Unfortunately it seemed no one else had been looking for a while as the trail was a wee bit overgrown and unloved. A shame as the basic shape of it was classic Aostan gold but them’s the breaks.

And it really wasn’t too shabby where it wasn’t too shrubby.

Still a long way above the valley floor (trademark Alpineflowmtb Guiding) but heading down quick.

Assorted trails later we were at the valley floor, where it was too hot to hang about so headed straight back up again and stayed up high until the lifts closed and we figured we’d have to head for home.

Via ice cream obviously.

From Chamole to Gelato. It sounded better in my head.

Pila; we are stardust, we are golden.

There's a trail to the right, but it's better to join it a little further along the ridge.

All pictures of me taken by Toby, on his bloody phone!

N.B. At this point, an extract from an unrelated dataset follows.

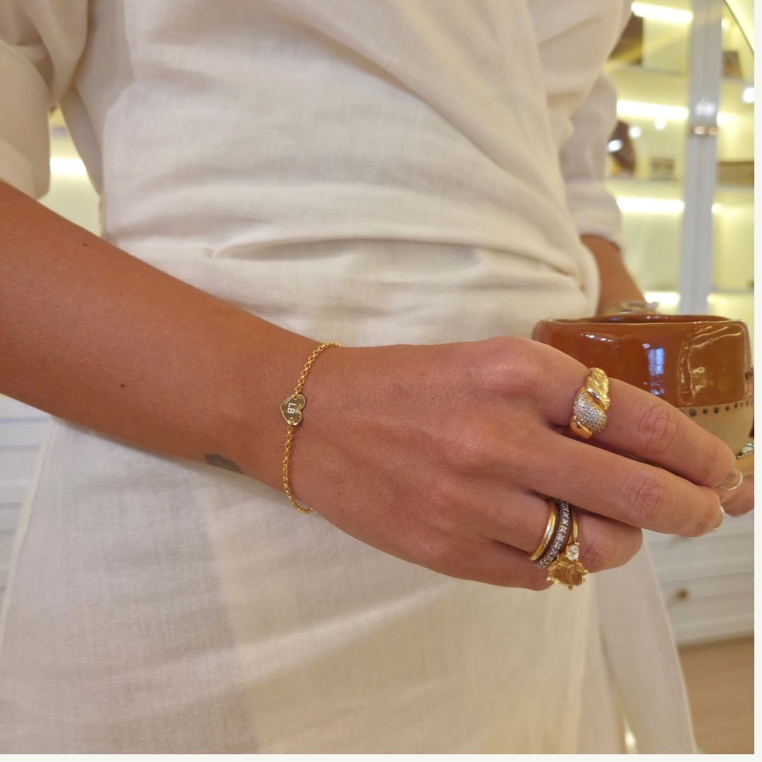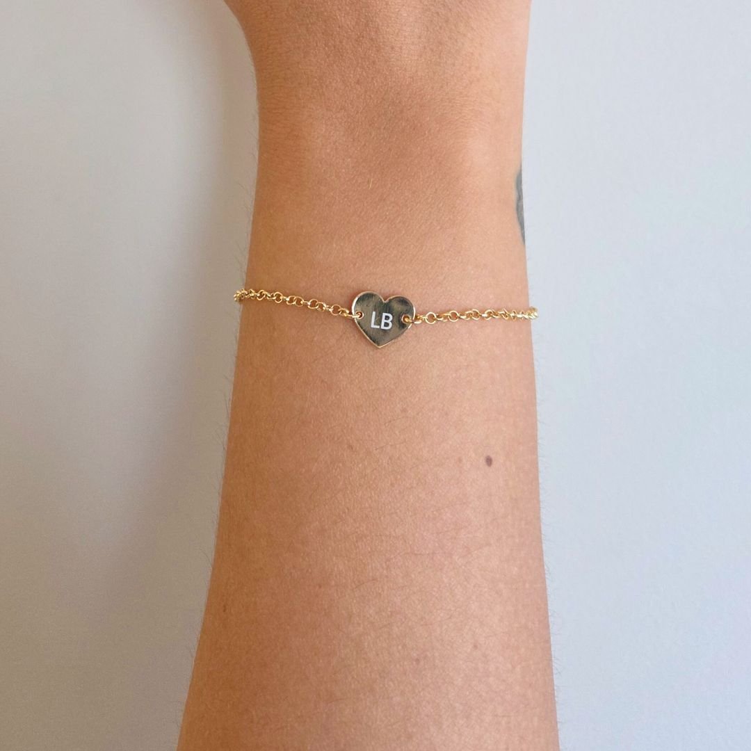 Com seu design minimalista e corrente de elos portugueses, esta pulseira de coração é aquela joia perfeita para o dia a dia.

All pictures of Toby taken by me on a Sony RX100 which I’ve gone back to playing with the dials on and as a result most shots are out of focus, over/under exposed, too grainy/too blurred. it’s a learning process.

Ciao Pila, grazie mille.

*Of course, these elements don’t just create life, they can destroy it too. Take the next major threat to life you’re going to be hearing lots about: dihydrogen monoxide. A clear, tasteless acid which turns up in nuclear waste, acid rain, fossil fuel power plant fumes and even in human cancers. It can corrode metal and rock, and is thought to be responsible for the deaths of over 350,000 people a year, yet is found in most food stuffs and drinks. There’s several petitions desperately trying to raise awareness and get this poison banned, hopefully at least one will get some traction somewhere.